Votre métier vous expose-t-il à la concurrence?

Oui, bien sûr. Le fait de pouvoir travailler librement depuis chez soi – bien avant la généralisation du télétravail – nous mettait déjà en concurrence avec des traducteurs étrangers. Mais si l’on veut assurer un niveau qualitatif, il faut connaître le contexte et les besoins précis des clients, comprendre leur fonctionnement et réagir de manière flexible. C’est ainsi que l’on garde ses mandats.

L’arrivée de l’intelligence artificielle et des traductions en un clic menace-t-elle votre profession?

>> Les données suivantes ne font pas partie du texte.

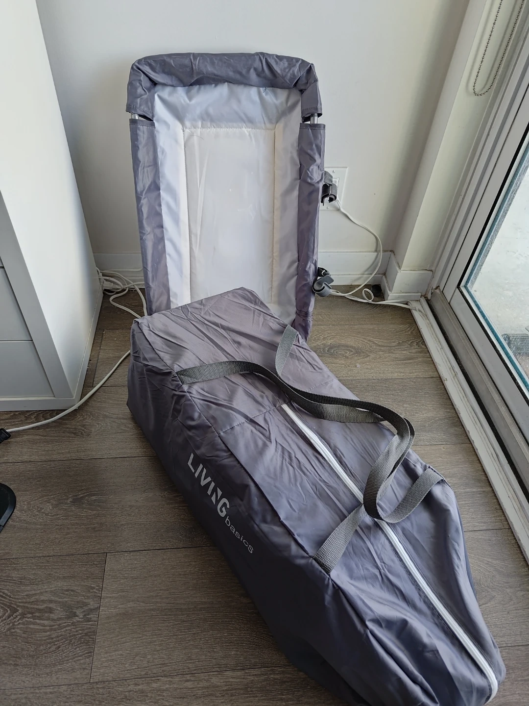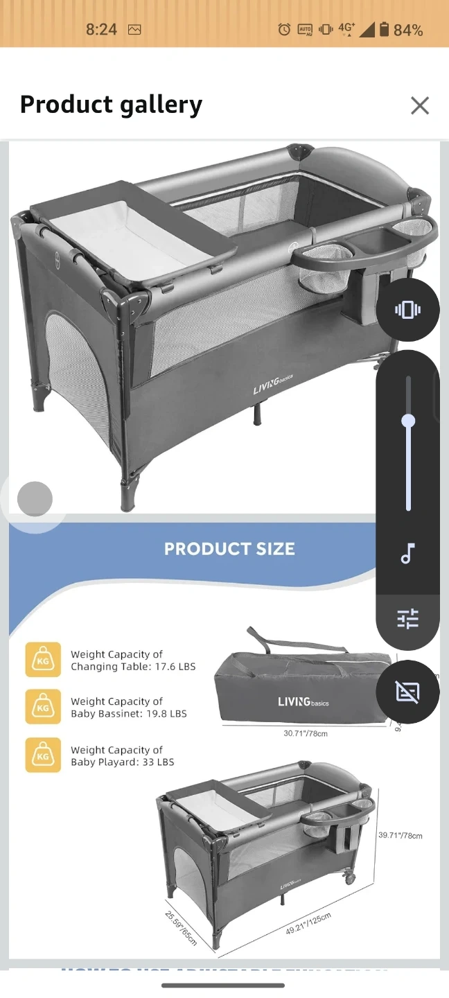 This LIVINGbasics playard comes with a bassinet and changing table attachments. It's easy to fold and includes a carrying bag. Weight capacity for changing table is 17.6 lbs, bassinet 19.8 lbs, and playard 33 lbs.

C’est un fait, et j’en constate les effets, à la fois positifs et négatifs. L’IA produit des phrases correctes, exemptes de fautes et bien structurées. Mais cet avantage risque d’endormir la vigilance du lecteur. Dans certains cas, l’IA peut commencer à écrire n’importe quoi. Il faut donc une solide connaissance métier pour repérer ces risques. Cela redéfinit notre mandat: nous intervenons moins dans la première étape de traduction et davantage dans le soin à apporter au texte. Tout dépend de la finalité. Les textes destinés à rester, qui demandent un style soigné et un vocabulaire non stéréotypé, sont l’apanage des traducteurs humains. En revanche, tout ce qui relève de la communication de base est effectivement remis en cause par ces outils.

Vous baignez dans deux cultures, germanophone et francophone. Observez-vous des différences en termes de communication?

Oui. La langue maternelle ou celle que l’on apprend à l’école influencent la manière de réfléchir et de formuler des idées. Concrètement, les Suisses alémaniques sont plus simples et directs, alors que le monde francophone utilise davantage de circonvolutions. La politesse s’exprime différemment, notamment dans les formules de salutation. Il y a une couche sociale. Et on sait tous que les blagues en allemand fonctionnent rarement en français, même dans la publicité!

Avez-vous le sentiment d’exercer un métier vivant?

Oui, parce que les langues évoluent. Quand je retourne en Suisse alémanique, je relève des idiomes que je ne connaissais pas plus jeune. A force, cela remonte même dans les documents plus formels. Même en allemand, les textes de présentation sont aujourd’hui bien plus courts qu’à mes débuts.

Pensez-vous que votre métier a de l’avenir?

Ce métier a de l’avenir pour celles et ceux qui l’envisagent comme une compétence évolutive, au croisement d’autres expertises. Avec l’IA, la traduction n’est plus une fin en soi. Elle devient un levier parmi d’autres.